Stays weren’t just for for grown women.  Babies were put in unconstructed ones made of coarse fabric very young.  Providing support for their weak little spines may have been less important than accustoming them to wearing a garment that would become increasingly confining as they grew.  Little girls soon graduated to smaller versions of the form-molding garments and  were expected to wear them practically all the time because being laced up was supposed to convey a sense of modesty.  At least that was the advice of male authors of well-known guides to female behavior.  Because the stays held up the rib cage, the wearer’s ability to change the position of the torso was quite difficult.  In this illustration of a girl reading, she is so engrossed in a book that she forgets to maintain a good seated posture.  But she isn’t slumping.  Her torso is tilted over her lap and her shoulders are rounded, but her back looks straight, because the abdominal muscles cannot sag or collapse.  Wearing stays was only one aspect of a demanding “curriculum”  to manage the body.  This aspect of eighteenth-century education, which combined best medical practice, contemporary notions of beauty, and social aspiration to participate in fashionable society, finds expression in a book famous in the history of medicine, Nicolas Andry de Bois-Regard’s Orthopedia or the Art of Correcting and Preventing Deformities in Children  (1741).  d’Andry, who was the dean of the faculty of medicine in Paris, argued that a normal healthy body can develops deformities when its natural symmetry is compromised by civilized life.  (The previous illustration and all that follow are from Cotsen’s copy of the first edition of the English translation of 1744).

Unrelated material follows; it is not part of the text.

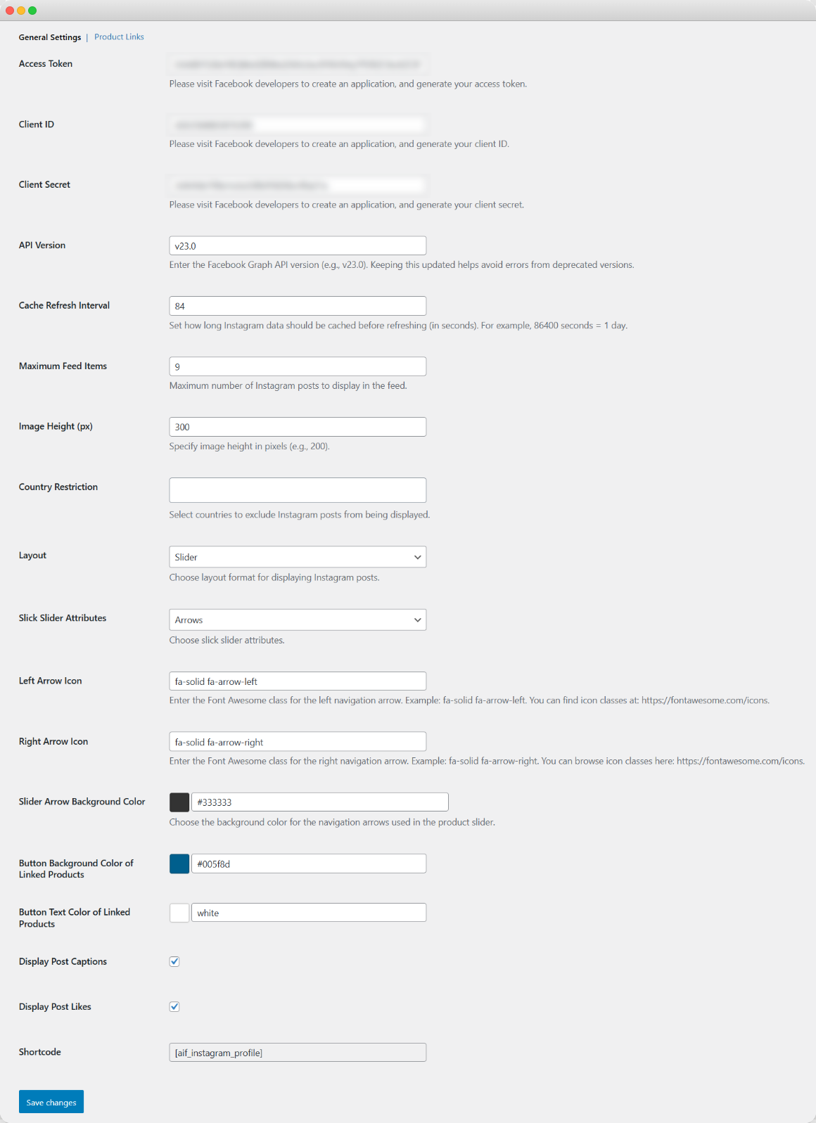 Once the plugin is activated Go to WooCommerce > Settings and click on Insta Feed. Here you can fill in the following details:

He pointed out things that sparked the process of bodily deterioration in infancy.   An ignorant nurse might lift a toddler up by the leading strings attached to the shoulders of its bodice, which allowed its heavy head to sag, strain the neck, and pull the shoulders out of alignment.  Children’s bodies could incur permanent damage when carelessly handled by adults playing infant amusements with them.  One of the most dangerous was one  called “going to visit grandfather”  in which the adult would  lift the child by its neck and swung it around, putting the spine at risk of dislocation.Furniture could be responsible for deforming children’s bodies.  The school boy below is writing on a surface that is too low, so he hunches over his work.  The other boy to his right is eating at a table that is too high, so he scrunches up his shoulders.When d’Andry talks about deformations of girls’ bodies, it is more difficult to determine i the relative importance of legitimate medical concerns, contemporary standards of beauty, and fashion, which strives to display the female body’s perfections.  The chest is the most beautiful part of the body, according to d’Andry, so he placed considerable emphasis on the proper training  of the thorax, or middle back, the arms, and clavicles.  One reason for this was to keep the chest open and promote healthy lung breathing.  He recommends various manipulations and exercises, including walking with a little box balanced on the top of the head.When the desired results could not be obtained through exercise, d’Andry did not hesitate to recommend that parents require their daughters to wear the contraption below in addition to stays.Was d’Andry aware that his program of physical discipline dovetailed with the dictates of fashion, where the bodice was the focal point of a dress because of the way it set off a girl’s head, shoulders and breast?  Possibly not, because the idea of posture in the Western world has never made clear and distinct demarcations between health and beauty with respect to the body.